On Tuesday, November 4, 2014 8:50:36 PM UTC, Lou Holtman wrote:
User Bp wrote:
Andre Jute wrote:
throttle, and DIY midmotors are in their current stage of

development strictly for experts and masochists.


There's a grain of truth in that statement, but I would not discount
mid-drives if you have some space and know-how. I fitted an EcoSpeed
mid drive to an old Schwinn Town & Country trike for my 97 year old
father, it worked very well.

The only thing masochistic was fitting the mid-drive into the very small
amount of space available. With a longer frame, which I think the OP has,
it would not be hard. Having a separate wheel to drive strikes me as a
very mixed bag: Very simple drive train, but if geared for steep hills
might have some wierd behavior on extremely steep hills and slippery
surfaces.


The components were bought from http://www.ecospeed.com/
Battery pack was from http://www.batteryspace.com

Hope this helps,

bob prohaska


Geez. Walk in any bikeshop in the Netherlands and you can buy them ready to
go:
http://www.koga.com/nl/fietsen/elekt...va.htm?frame=H
This is just an example. I believe 50% of the new bikes sold is electric
assisted here. Unbelievable succes story over here

--
Lou


Yup, and the motor in that Koga you hold up as an exemplar perfectly illustrates my point. For those who don't know, the Bosch motor in the Koga and a number of other European commuter bikes is currently the best electric motor for (commuter) bicycles anywhere in the world. However:

1. It is OEM only. As far as I know, there is no consumer availability. Even if he should want one, Jones can't get one. Neither can anyone else. (Presumably there is some second-hand availability for the handyman and the masochist and the daydreamer.)

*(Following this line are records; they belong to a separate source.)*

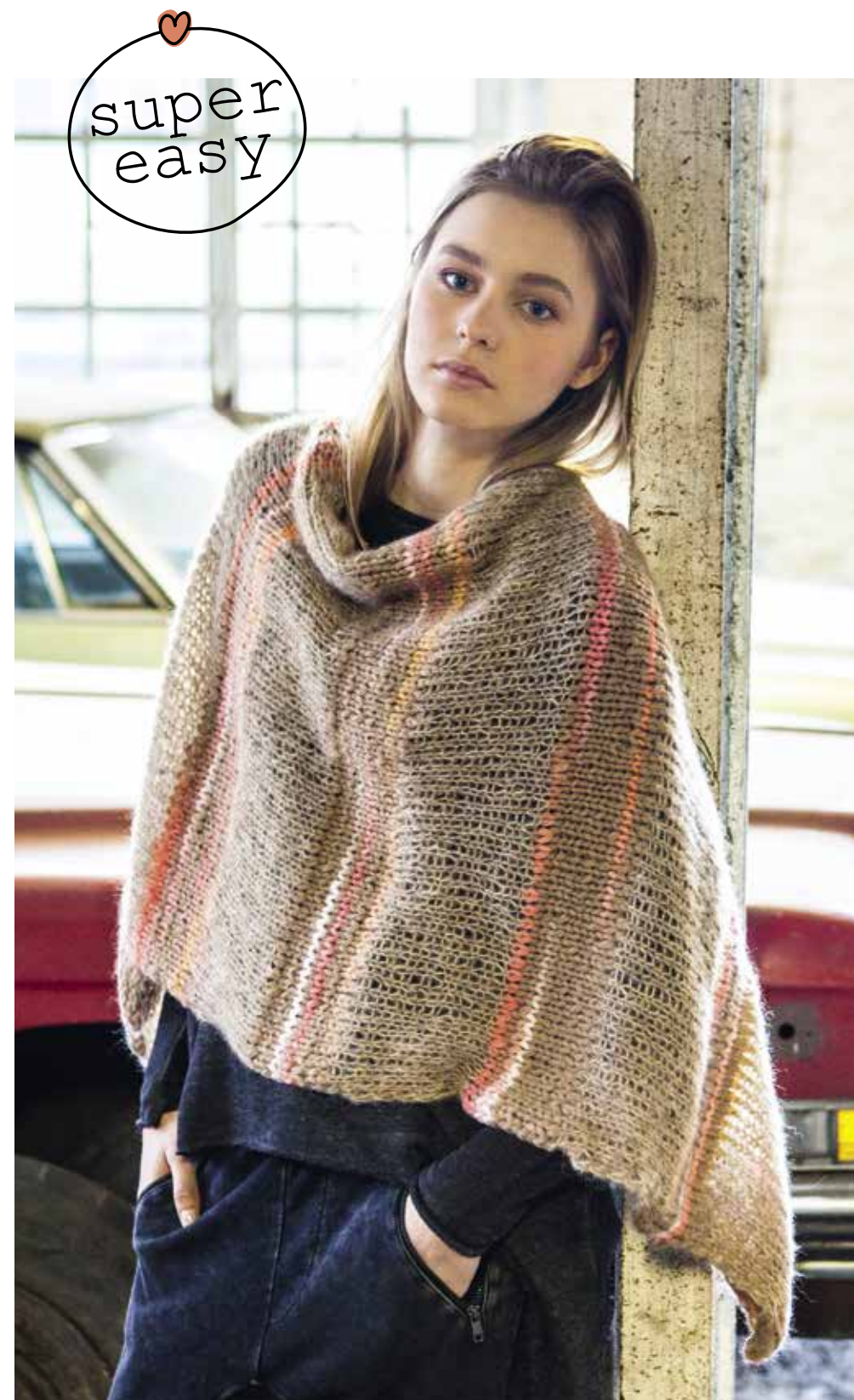
19 Poncho - AMICI DUE + VOI
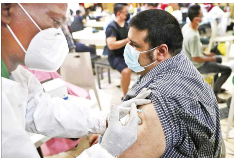
အင်ဒိုနီးရှား နိုင်ငံ၌ ကိုဗစ်-၁၉ ကာကွယ်ဆေးထိုးနှံပေးနေသည့်ကိုတွေ့ရစဉ်။

အင်ဒိုနီးရှားနိုင်ငံသည် လူပေါင်း ၂၀၈ ဒသမ ၂၁ သန်းအား ကာကွယ်ဆေးထိုးပေးနိုင်ရန် ရည်မှန်း ထားကြောင်း သိရသည်။
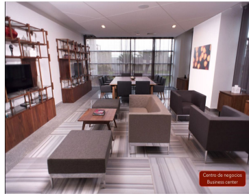
Centro de negocios Business center
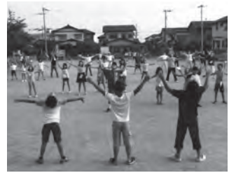
区民が集うラジオ体操

東和苑区は自治区として約40年。当初は皆若く、活気がありました。現在、高齢化率は40%を超えましたが、区の行事は変化をしながら続いています。
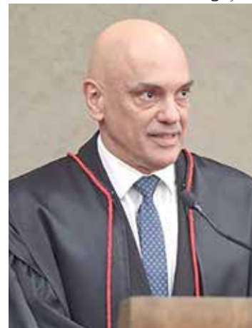
Ministro ressalta a proibição do uso de celulares na hora da votação

Os ministros também decidiram que o uso detectores portáteis, de forma excepcional, deve ser uma consulta ao juiz eleitoral. Atualmente não há previsão de detectores porque não há norma regulamentar.
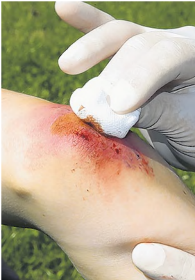
Wunde mit Desinfektionsmittel vorsichtig abtupfen.
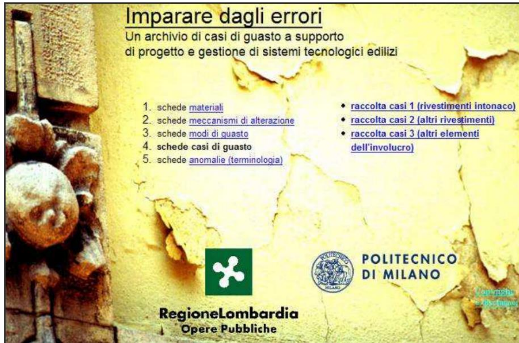
Figura 3. "Aprender con los errores" (BEGroup, 2004)

El Grupo de Estudios de Patología de la Construcción creó un sitio web dedicado a la divulgación de un catálogo de fichas de patología (Freitas et al. 2007). Desde 2004, los usuarios registrados tienen acceso al campo de Patología, donde el esquema de un edificio presenta las fichas de patología de acuerdo con el elemento constructivo (ver figura 4). Al seleccionar el respectivo elemento, es presentada la lista de fichas de patología asociadas. A semejanza de los casos anteriores, estas fichas están estructuradas de la siguiente forma: i) Identificación de la patología; ii) Descripción de la patología; iii) Sondeos y medidas; iv) Causas de la patología; e v) Soluciones posibles de reparación.

2. At Lou's URL take a good look at the bike. That's a specially built frame. So even if Jones can source a Bosch (and all the peripherals), he'd have to perform grimly serious surgery on his wife's bike to fit the motor.

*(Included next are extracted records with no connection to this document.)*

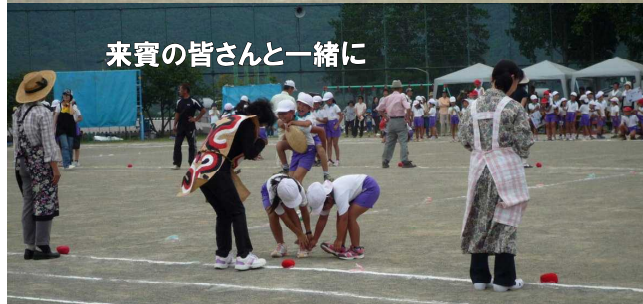
来賓の皆さんと一緒に
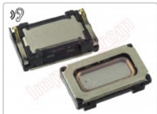
Altavoz auricular cubot note plus, cubot x18
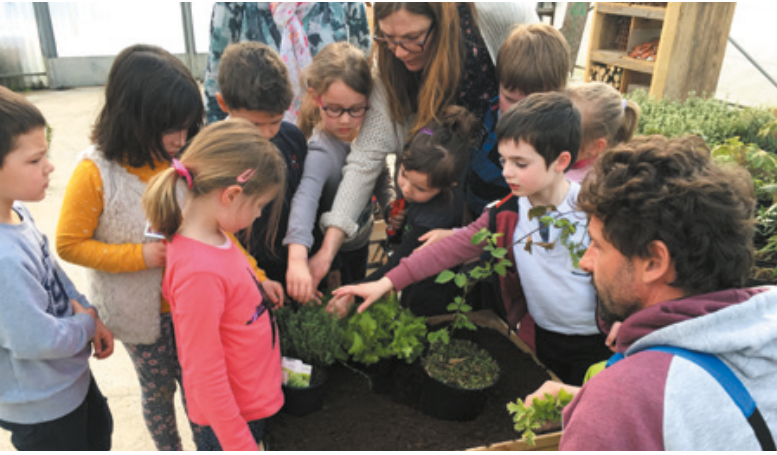
◀ Atelier plantations pour les maternelles des Moguerou

les élèves ont passé une matinée à réaliser des semis puis les plantations dans trois grands bacs qui ont maintenant trouvé leur place à l'école ainsi que l'hôtel à insectes réalisé courant mars par la classe de CE1-CE2.
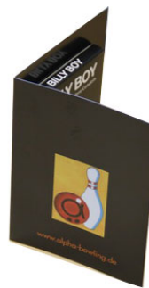
DIN A7 Karte zum Aufklappen mit Kondom
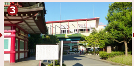
七重の塔の右脇を通り抜けます。
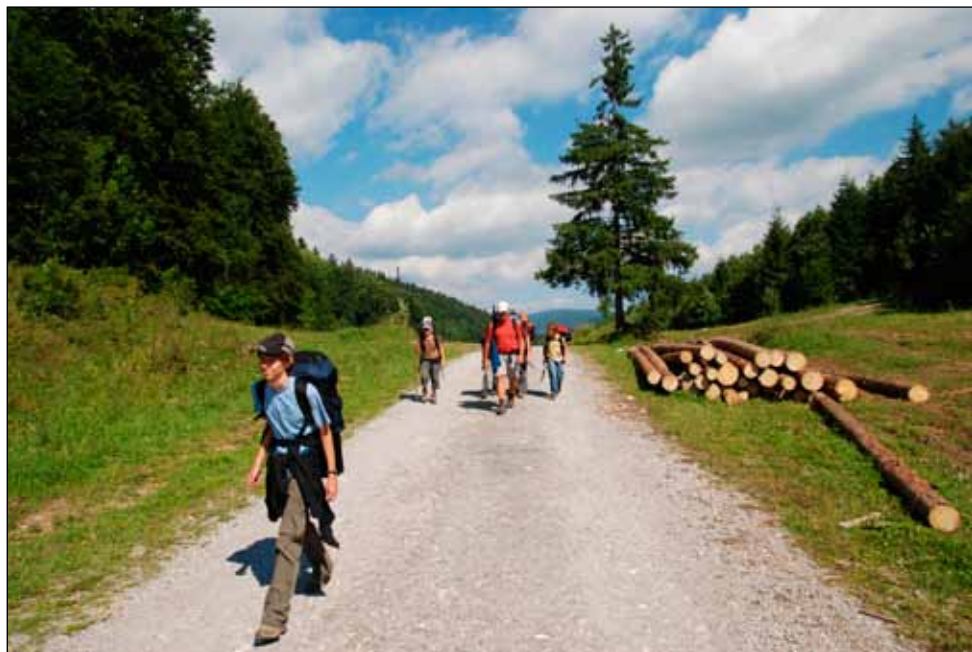
Občas do nás slunce pěkně pražilo

Hyp: „No, puťák přece musí být úplně k ničemu. Protože kdyby to k něčemu bylo, tak to přece Kule nedělá.“
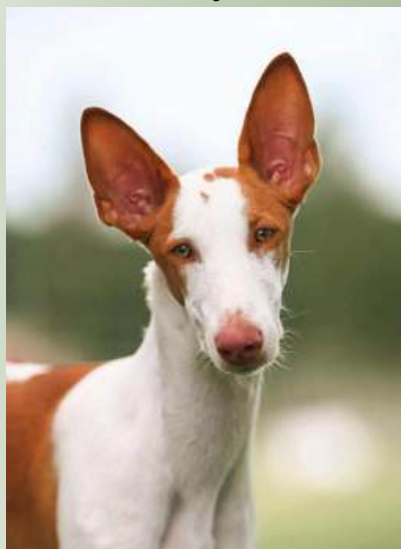
Chiron's You Got Me Singing Foto: Kristiina Tammik. Ägare: Gunilla Kock-Hansson
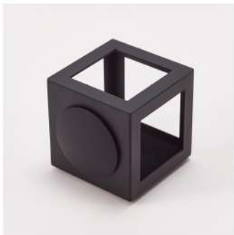
pen stand color: silver/black size:w85×h88×d92mm material: steel,silicon

Here's an available mid-motor, which has none of the disadvantages of all the others so far suggested, and which could, if nothing goes wrong (not necessarily a likely event), be a bolt-in installation as simple as front drive hub motor:
http://www.bmsbattery.com/central-mo...ral-motor.html
Again, as in the hub motor kit I suggested, this is a complete kit, a bolt-in job, with nothing for Jones to manufacture or source elsewhere, except the battery which he can buy at the same place
http://www.bmsbattery.com/36v/683-bo...e-battery.html
to avoid doubling up on delivery charges. This kit fits in the bottom bracket shell. It is however likely to be a more fraught installation, and in action it is less controllable and pleasant than the front hub motor, because a certain coordination of throttle with the driven rear wheel's gear cluster is required, whereas the front hub motor kit I prefer is indifferent to throttle position at gear changes. I spent several weeks of my spare time looking into a central motor and decided to wait for the next iteration, which most likely will have some kind of torque management to soften gear changes. One thing was firmly fixed in my mind though after my survey of the midmotor field: the Bosch is the best but it impossible for the aftermarket because it requires a custom frame that cannot ever be repurposed, and the second best central motor is the Bafang in my URL above, which, though a bit rough at the edges, leaves the rest for dead as crude and unsophisticated (motors bolted on top of frame members, extra transfer chains and gears, Jesus, how gross can even techies get?).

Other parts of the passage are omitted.